Static routes have a default preference of 5.
Destination prefix and next-hop
must be specified for a static route. The
next-hop
is the next IP address, or reject
or discard
(the former sends
an ICMP, the latter does not).
On point to point interfaces, the egress interface can be specified instead of
a next-hop
.
By default, the next-hop
IP address of static routes must be reachable using
a direct route (a directly connected network) for the route to be active. If a
next-hop
IP address becomes unreachable, the route will not become active.
By default, Junos does not perform recursive lookups for the next-hop
IP
address. The resolve
option on a route changes this to enable recursive
lookups.
qualified-next-hop
allows next hops to be specified with different
preferences. For example, two next hops can be specified with different
preferences; if the first becomes unavailable, the second will be used. This
is also called a ‘floating static route’. Example;
static {
route 0.0.0.0/0 {
next-hop ...;
qualified-next-hop ... {
preference 7;
}
}
}
The no-readvertise
option stops static routes being advertised through
routing policy. It is highly recommended that routes for management traffic
have this option set.
The defaults
section specifies defaults for static routes that do not have
options defined. Example;
static {
defaults {
preference 250;
}
}
Other route
options include as-path
, community
, metric
and
preference
. The first two are useful if the route is to be redistributed
into BGP. metric
breaks ties between routes with the same preference
value.
Collections of routes with similar destinations and the same next-hop
.
Reduce the size of routing advertisements and the routing table or ‘RIB’, and
hide local routing instabilities.
Aggregate routes must have at least one contributing route active in the routing table to be active. The default route preference for aggregate routes is 130. If the router receives a packet for a more specific route inside the aggregate route, but the more specific route does not exist or is inactive, the router sends an ICMP ‘reject’.
The edit routing-options
hierarchy has a defaults
section, like static
routes.
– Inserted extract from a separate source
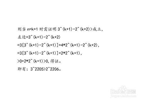 则当n=k+1时需证明3^(k+1)-2^(k+2)>成立,

There can only be one aggregate route per prefix; in other words, a
prefix can only be part of one aggregated route.
The additional options for aggregate routes are the same as for static routes,
except there is an additional policy
option. By default, the router
activates an aggregate route with just one contributing route. The policy
option requires more contributing routes to be active.
show route <prefix> exact detail
shows the contributing routes for an
aggregate route.
Similar to aggregate routes. Generated routes are active when at least one
contributing (more specific) route is active. A generated route receives the
next-hop
of the primary contributing route. The route with the lowest
preference, then the lowest number prefix (not the lowest prefix length), is
selected as the primary contributing route.
Example; generated routes can be used to advertise a default route, only when a specific route is received from another router.
Match a prefix advertised over BGP to this router, naming the rule to do so as
match-contributing-prefix
;
policy-options {
policy-statement match-contributing-prefix {
from {
protocol bgp;
route-filter 10.0.0.0/16 exact;
}
then accept;
}
term else-reject {
then reject;
}
Add a second policy to match the default generated route, to later export it to
OSPF. Note that aggregate
here matches both aggregate and generated routes;
policy-statement export-default {
term match-default {
from {
protocol aggregate;
route-filter 0.0.0.0/0 exact;
}
then accept;
}
}
}
Generate the default route if match-contributing-prefix
was matched;
routing-options {
generate {
defaults {
preference 130;
}
route 0.0.0.0/0 policy match-contributing-prefix;
}
}
Finally, export the default route into OSPF, which will only work if the route is generated above;
protocols ospf {
export export-default;
area 0.0.0.0 {
....
}
}
Addresses for which all routing information is ignored. These routes are normally sent by improperly configured systems.
routing-options {
show martians {
.... orlonger;
}
}
Use the allow
command to remove prefixes from the martians address list.